I don’t know. I just do not know. I want to say it’s random, and I’m not sure why, but I just cannot bring myself to do that. Honestly, I can’t stop wondering if the reality of the whole thing is that I cannot possibly comprehend the way two souls can end up on a collision course, and just like no one knew what would happen at the Large Hadron Collider but it didn’t stop them from trying, I have no idea how this particular reaction is going to end either. But at no point in this whole thing have I ever been scared of imploding into a black hole, and if you know me, you know I am terrified of that exact thing happening almost constantly.
The last thing I would end this incredibly personal rant on how little I understand anything on is a quote by Elizabeth Gilbert, which I love even though she’s responsible for the estrogen filled zit that is Eat, Pray, Love. “A true soul mate is probably the most important person you’ll ever meet, because they tear down your walls and smack you awake… Soul mates, they come into your life just to reveal another layer of yourself to you, and then leave. A soul mate’s purpose is to shake you up, tear apart your ego a little bit, show you your obstacles and addictions, break your heart open so new light can get in, and make you so desperate and out of control that you have to transform your life.”

Monday, November 19, 2012

A small list of my favorite memories

Oh Jesus, trying to write a long blog post on a Czech keyboard is breaking my brain right now. The Zs are switched with the Ys and none of the punctuation is in the right spot. But anyhow, I have an hour to kill between classes on Mondays which I typically fill with running across the square for lunch, but I'm STILL full from my trip to Austria (every woman in the country felt obligated to feed me) so I'm skipping lunch and a killing time on the internet. So I figured I'd compose a small list of my favorite memories cause I'm also feeling a little morose today. These all, obviously, have stories behind them, but I doubt I'll go into much detail. Unless you ask. Also, these are in no special order.

My 20th Birthday - Even if I am less than fond of the person he became and the things that resulting person did, me and the ex used to get along quite swimmingly. And one of my fondest memories in the last couple years is walking together through an art exhibit of Italian painters from the 15-17 centuries while he explained painting techniques to me.

The Prague Botanical Gardens - I am not making a strong case for my happiness being independent of the men I'm seeing, am I? Oh well. I have done and seen a lot of really cool stuff here, and I could make a massive list of those experiences a mile long and still have to leave shit out. But by far my favorite day was the one I spent at the Botanical Gardens with a certain Czech local because it had all my favorite things and still managed to transcend the sum of its parts. We slept in, had a small lunch of his mom's bad ass cooking, I got to see something breathtakingly beautiful, and most of all we talked about anything and everything. I love that, just being with someone so completely that you lose grasp of time.

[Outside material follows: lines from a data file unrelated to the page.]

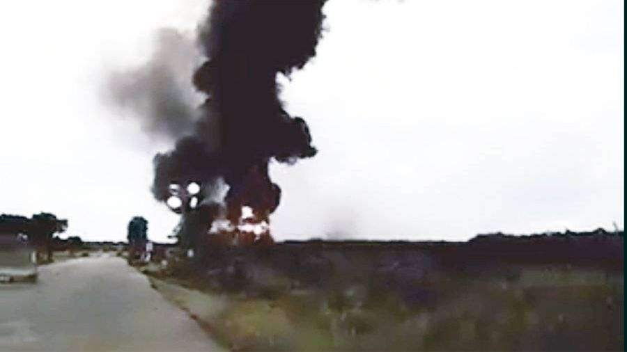 На кадрах видны последствия атаки на объект и клубы дыма, которые поднимаются над базой.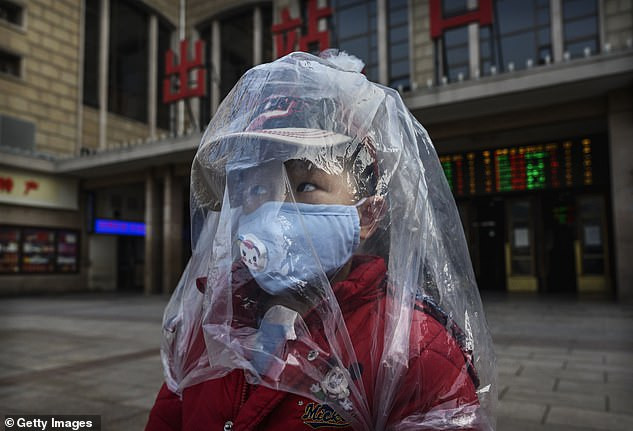 Một cậu bé ở ga tàu Bắc Kinh "trốn" trong túi nilon như một cách bảo vệ mình trước dịch bệnh covid-19.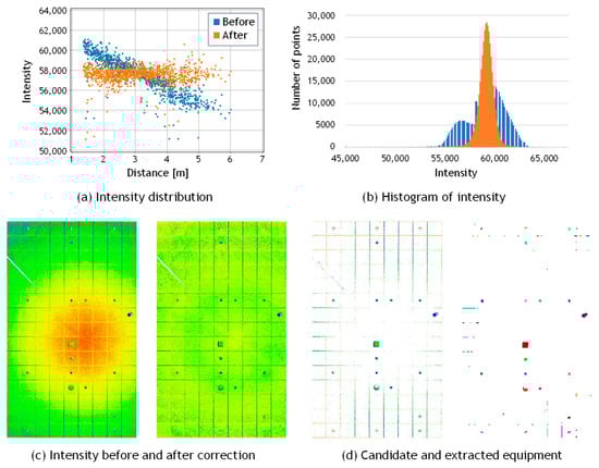 Comparison of laser intensity and equipment candidate extraction before and after correction.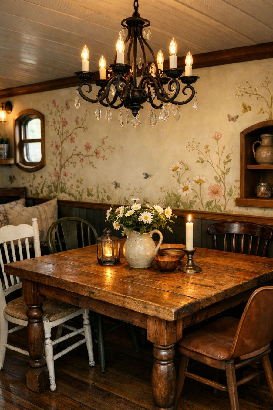 The dining area is a seamless extension of the living space, thoughtfully designed to accommodate intimate meals. A handcrafted wooden table, with its natural grain and sturdy build, anchors the room. Surrounding it are mismatched chairs, each with its own character, adding to the eclectic charm. The walls are adorned with delicate, hand-painted motifs of spring flora, bringing the outside in. Overhead, a wrought-iron chandelier casts a soft glow, enhancing the ambiance of cozy elegance. This space is perfect for enjoying a leisurely breakfast or a candlelit dinner.

Saint Patrick's Day - This past St Patty's one of our roommates threw a small party, and I am not normally a party person. But after the guests left, it turned into me and Nick slow dancing around the living room and cuddling with Claire. That moment, listening to Billie Holiday while Nick spun me around the wood floors and Claire watched was a great moment of sunshine in what was otherwise a very shitty quarter for me. And the next morning hung over Chinese and basketball with Alex rounded it all out perfectly.

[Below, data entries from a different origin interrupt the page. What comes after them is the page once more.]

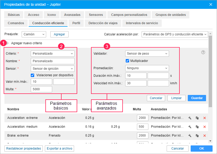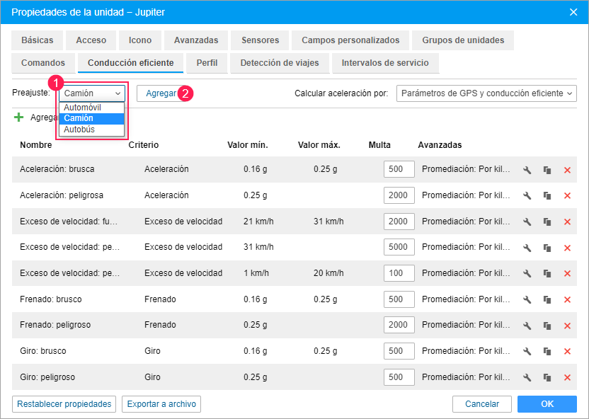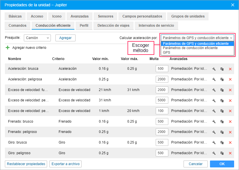 En esta pestaña se puede escoger el método que debe emplearse para calcular aceleración y agregar criterios que permiten evaluar la calidad de conducción y detectar infracciones. Es necesario para mejorar la seguridad de conducción, asegurar la preservación de mercancías transportadas y reducir los gastos de combustible.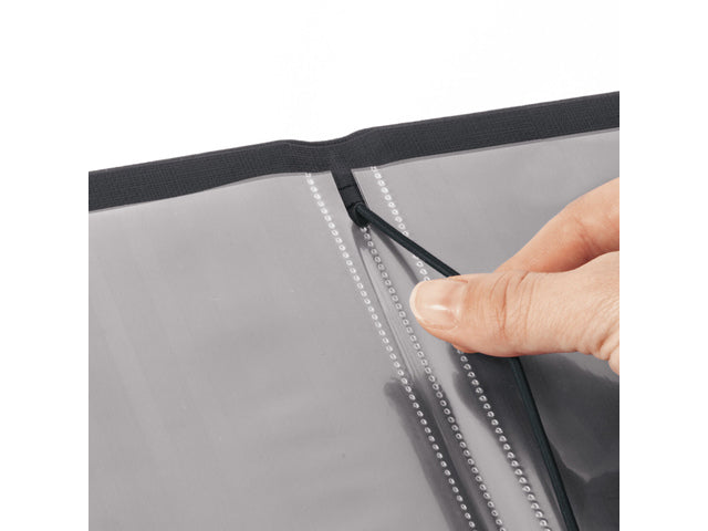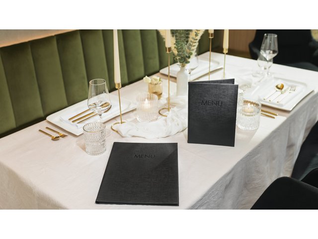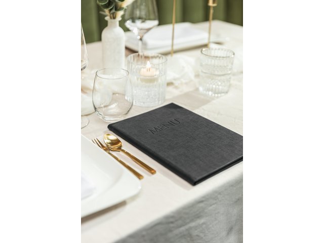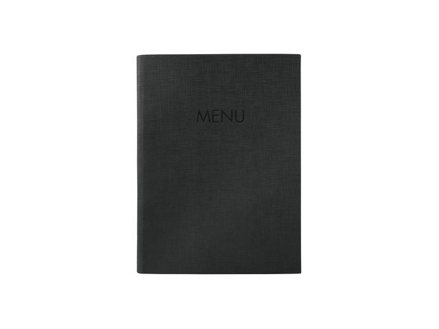 De tijdloze en hoogwaardige menukaart map heeft een rubberbinding aan de binnenzijde met 2 inschuifbare dubbele transparante insteekhoezen voor in totaal 8 pagina's informatie. De pagina's kunnen eenvoudig worden ingevoegd en steeds opnieuw worden uitgewisseld. Geschikt voor A5-formaat. De slijtvaste PU omslag met elegante linnenstructuur is aan de voorzijde voorzien met internationale blinddruk tekst 'Menu'. Het duurzaam PU-materiaal (zonder weekmakers) is bestand tegen slijtage, krassen en schuren en eenvoudig schoon te maken. Menukaart map is ideaal voor dagelijks gebruik in de horeca. Kleur menumap zwart.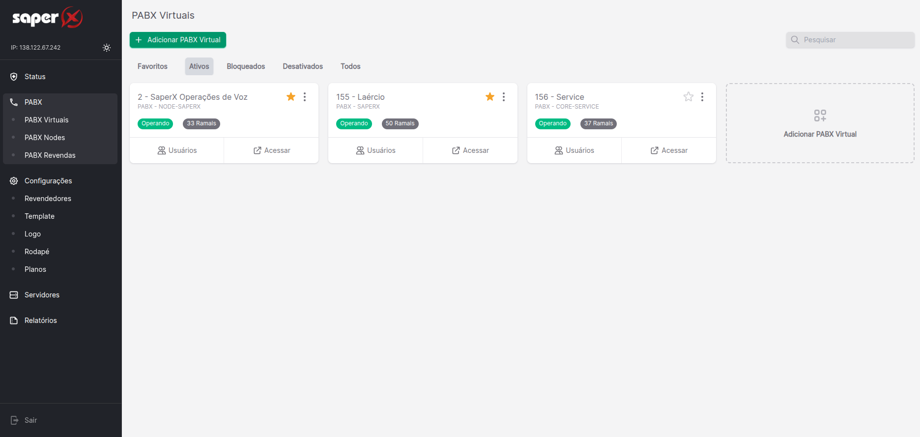 A página de PABX Virtuais permite aos administradores criar novas centrais PABX virtuais, gerenciar as existentes e organizá-las por status e preferências de acesso rápido.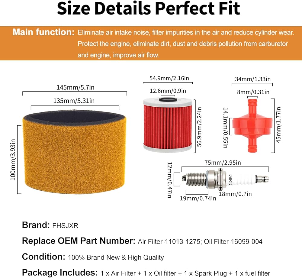 • ✅Replace OEM Part Number: Air Filter-11013-1275; Oil Filter-16099-004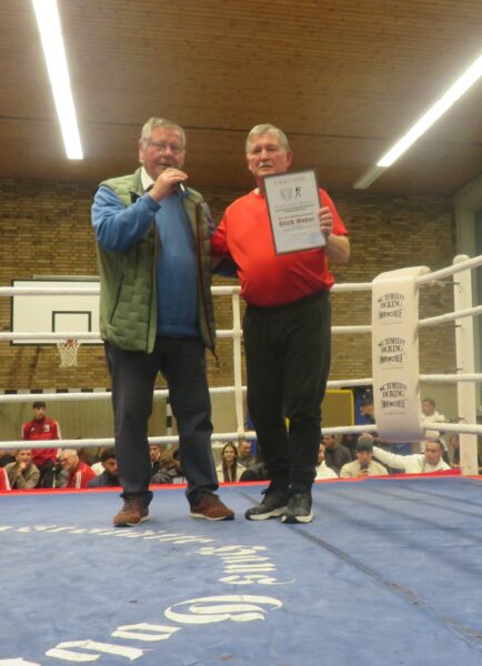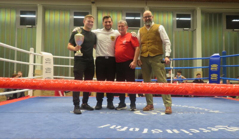 Mit einer starken Teamleistung wurde ÖSG Viktoria 08 Dortmund der erfolgreichste Verein des Turniers. Trainer Erich Weber und Co-Trainer Felix Falk erhielten dafür aus den Händen von Ringsprecher Dirk van der Pluym den Siegerpokal. Ein besonderer Moment war die Ehrung von Trainer Erich Weber: Der Ehrenpräsident der Fachschaft Dortmund, Dieter Schumann, überreichte ihm eine Schmuckurkunde für 35 Jahre erfolgreiche Arbeit im Dortmunder Boxsport – eine beeindruckende Auszeichnung für jahrzehntelanges Engagement.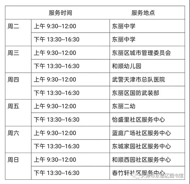 6月15日—6月20日流动图书车服务时间地点公布如下,如有社区、单位需要图书车上门服务请与杜俊老师联系,联系电话:18522291388。
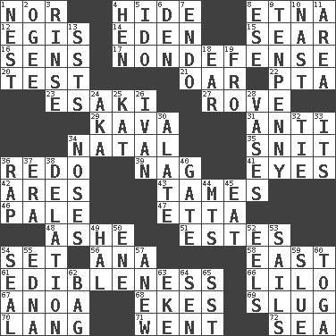 ACROSS 1. Not either 4. Flintstone garb 8. Inactive volcano in Sicily 12. Armor plate that protects the chest 14. Paradise 15. Dry up 16. Elected reps. 17. Unrelated to defense, as in spending 20. Trial 21. Boat paddle 22. Parent Teacher Association (abbr.) 23. 1973 Nobel Price Winner (Physics) Leo 27. Be footloose 29. Polynesian shrub of the pepper family 31. Opposed to 34. Brizilian seaport 35. In a ____ (agitated or irritated) 36. Do over again 39. Tired old horse 41. Snake ____ (dice throw) 42. Ancient Greek god of war 43. Softens 46. Diluted with white 47. Singer James 48. American tennis player Robert 51. _____ Park, CO 54. Arrange properly for use 56. Santa ___, CA 58. 90 degrees 61. The property of being fit to eat 66. _ and Stitch 67. Small Philippine buffalo 68. Supplements with great effort 69. Snaillike creature with no shell 70. Austrian-born American filmmaker Fritz 71. Left 72. Ocean DOWN 1. Egg locale 2. Double curve, resembling the letter S 3. Wash lightly 4. Layer 5. Wedding promise 6. Lair 7. Inside; within (prefix) 8. Compass dir. 9. 3-inch nail 10. Political cartoonist Thomas 11. Length times width 13. Fast planes 18. Ewer handle 19. Away 24. Alias (abbr.) 25. Krazy ___ of comics 26. "Terrible" tsar 28. Flower holders 30. Having winglike extensions 32. Make a knot 33. ___ a Wonderful Life 34. Olfactory organs 36. Strike 37. Epoch 38. Conveyance 40. Yard entry 44. Mountains (abbr.) 45. Erode 49. Actor Linden 50. Compass dir. 52. Snakelike fish 53. Moves on water 54. Lick closed 55. Pulitzer Prize-winning author Ferber 57. Afresh 59. Turn sharply 60. Ancient Roman robe 62. Paper or plastic container 63. Make supply last 64. Elected rep. 65. Fast jet (abbr.)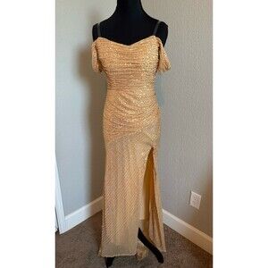 Gold off shoulder sequin Dress

My grandma's waffles - My maternal grandma passed away when I was 15, and the fact that I didn't know her better is one of my greatest regrets. I'm told I'm a lot like her, in certain aspects. My grandma was a hard, angry woman with a lot of unresolved hurt in her life. But she was also fiercely loyal, giving, and protective. I kind of picture my grandma like an old cranky pit bull, and heaven help anyone who threatened her loved ones. And she was an amazing cook, and as kids we would have run over hot coals for grandma's waffles in the morning. So she'd make us a trade: she would make waffles in the morning if we spent the night at her house. I will, until the day I die, remember with absolute clarity sitting at grandma's kitchen table in the late morning sunlight eating waffles off her brown earthenware plates doused in syrup that came out of a oft- refilled Scrooge McDuck bottle.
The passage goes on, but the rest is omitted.